# What type of dryer vent setup for this?



## Guap0_ (Dec 2, 2017)

You aren't going to use anything in those pics. Just connect the flex line with clamps between the dryer & the piece mounted in the wall.


----------



## DR P (Dec 16, 2017)

you're problem is compounded by location of where the electrical plug is in between outlet of dryer & duct piping... assuming you have room in front to set dryer further out from back wall, I'd recommend you buy 4 adjustable elbows, short section of straight pipe, & foil tape;

working your way back from wall duct outlet, make a long sweep (L/S) 90`fitting by adjusting 2 elbows into 45` turns, add them together to create a L/S 90` pointed to left... hopefully this will give a large enough space/gap to allow dryer to plug in... if not you will need to use 3 elbows to make an even Longer/Sweep 90`... whatever 90` configuration works you might want to tape together (but just the 90 bend).

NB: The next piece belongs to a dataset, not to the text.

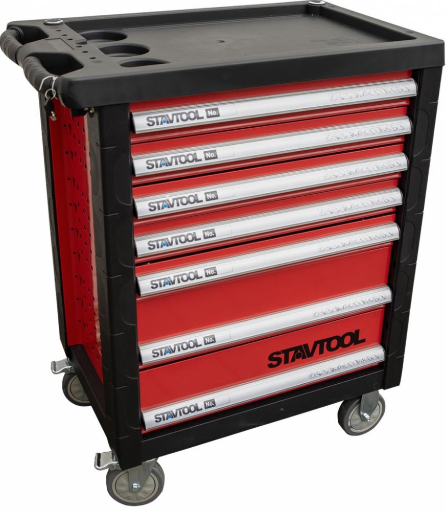 Kovový montážní vozík na nářadí se 7 zásuvkami. Dvě pevná a dvě otočná kola s poziční brzdou. Zásuvky s kuličkovými ložisky lze vysunout do 40 cm. Horní pracovní plocha i zásuvky jsou vypodloženy protiskluzovou podložkou. Držadlo pro manipulaci s vozíkem lze umístit z pravé i levé strany. Součástí je 5 nízkých a 2 vysoké uzamykatelné zásuvky.

insert a regular 90 elbow into L/S 90` created with opening pointed back toward dryer outlet. now Measure center line of dryer duct discharge to right edge of dryer; also measure from center line of ducting to right hand wall, to determine if both dryer outlet & duct elbow will line up... if not you will need a short section of pipe (possibly cut to length) between both 90`s... or if not needed earlier, possibly use the 4th elbow to create a 2nd L/S 90`without the need for the short pipe??? be certain washer has room to fit on left... if so, foil tape up all ridged duct pipe & fittings once determined which configuration will fit & while fittings are held together & in place by dryer... this will ultimately allow dryer to separate from & or park back into ducting without your new piping shifting while apart...

easier if you work on this build with washer out of way/space; set washer front edges to match dryer depth assuming not stacked unit; do not use any screws to secure ducting... 

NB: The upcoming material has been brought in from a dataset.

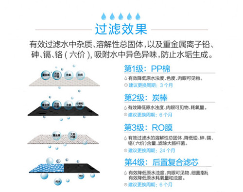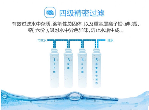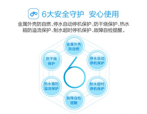 6大安全守护,安心使用; ETC模块化滤芯设计,单手即可轻松更换,方便快捷; 四级过滤系统,反渗透技术,出水更纯净; 步进式加热技术,逐步补水加热,出水更快、更省电。

all that said if no room to shift appliances far enough forward, landlord will need to move electrical outlet out from between ducting footprint...
clear as bottled air yet? :vs_whistle:

Peace


----------



## BayouRunner (Feb 5, 2016)

https://www.homedepot.com/p/Everbilt-4-in-x-8-ft-Dryer-Vent-Duct-BTD48HD/203626496
This and two clamps. After you plug dryer in when you slide dryer back make sure you don't kink the vent pipe. Also you don't need 8'. Just cut enough to hook it up and leave yourself enough room to plug in in. If you start dryer before you push it all the way back sometimes that will keep it from kinking.


----------



## kerryman71 (Feb 26, 2017)

I'd go with the flexible hose and two elbows with clamps, one at the dryer, the other at the vent pipe. Run the flexible hose between and connect it. 

John


----------



## COLDIRON (Mar 15, 2009)

Never use flex and clamps. Lint gets caught in the folds and builds up and causes house fires. DR P was close. Put the new cord on put the new 90 deg ell on the dryer facing the vent coming out the wall, secure ell with metal tape. it's like duct tape but it's thin metal like aluminum. Buy a straight piece of 4 inch round pipe a pair of tin snips, a pair of pipe crimpers. Plug the dryer in and set the dryer in place where it will be used next to the plug. Get a measurement from the ell coming out the dryer to the vent with the pipe going into the vent 11/2 "s. Cut the pipe . Crimp the end going into the ell real good to decrease it's size about 1/2 in install the pipe on the pipe coming out the dryer and plug in the dryer then position the dryer with from the side and push it right into the pipe coming out the wall. No tape needed on that joint. The pipe should go far enough in. Sounds bad but not really.


----------



## Gregsoldtruck79 (Dec 21, 2017)

I agree, no flex pipe for me. If it were mine, I would have to try the 0-18" telescopic angle duct. From my visual on line measurements, I think it would clear the receptacle. JMO though.


----------



## Ralph III (Oct 7, 2011)

Hello OP,

The easiest and best thing to do would be to create a cavity within the wall for the electrical plug. I'd then use a telescoping vent, as pictured in the Maytag diagram, for the dryer. End of story.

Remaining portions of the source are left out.